= Coloured Book protocols =

UK set of computer communication protocols

The Coloured Book protocols were a set of communication protocols for computer networks developed in the United Kingdom in the 1970s. These protocols were designed to enable communication and data exchange between different computer systems and networks. The name originated with each protocol being identified by the colour of the cover of its specification document. The protocols were in use until the 1990s when the Internet protocol suite came into widespread use.

== History ==
In the mid-1970s, the British Post Office Telecommunications division (BPO-T) worked with the academic community in the United Kingdom and the computer industry to develop a set of standards to enable interoperability among different computer systems based on the X.25 protocol suite for packet-switched wide area network (WAN) communication. First defined in 1975, the standards evolved through experience developing protocols for the NPL network in the late 1960s and the Experimental Packet Switched Service in the early 1970s.

The Coloured Book protocols were used on SERCnet from 1980, and SWUCN from 1982, both of which became part of the JANET academic network from 1984. The protocols were influential in the development of computer networks, particularly in the UK, gained some acceptance internationally as the first complete X.25 standard, and gave the UK "several years lead over other countries".

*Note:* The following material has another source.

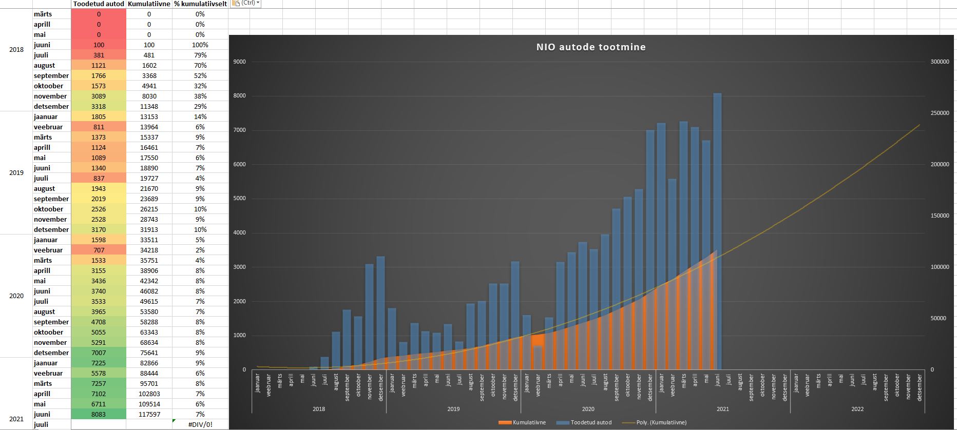 See ei ole "uus" reaalsus turul, sest ei ole midagi uut päikese all! 20 saj alguses tõusis autoaktsia Fiat Itaalia börsil autobuumi ajal paari aasta jooksul 25 liirilt 1885 liirini ehk 7440%!! Seega ei ole Tesla ja Nio selle kõrval midagi enneolematut ega erakordset...

From late 1991, Internet protocols were adopted on the Janet network instead; they were operated simultaneously for a while, until X.25 support was phased out entirely in August 1997.

==Protocols==
The standards were defined in several documents, each addressing different aspects of computer network communication. They were identified by the colour of the cover:

===Pink Book===
The Pink Book defined protocols for transport over Ethernet. The protocol was basically X.25 level 3 running over LLC2.

===Orange Book===
The Orange Book defined protocols for transport over local networks using the Cambridge Ring (computer network).

===Yellow Book===
The Yellow Book defined the Yellow Book Transport Service (YBTS) protocol, also known as Network Independent Transport Service (NITS), which was mainly run over X.25. It was developed by the Data Communications Protocols Unit of the Department of Industry in the late 1970s. It could also run over TCP. The Simple Mail Transfer Protocol was extended to allow running over NITS.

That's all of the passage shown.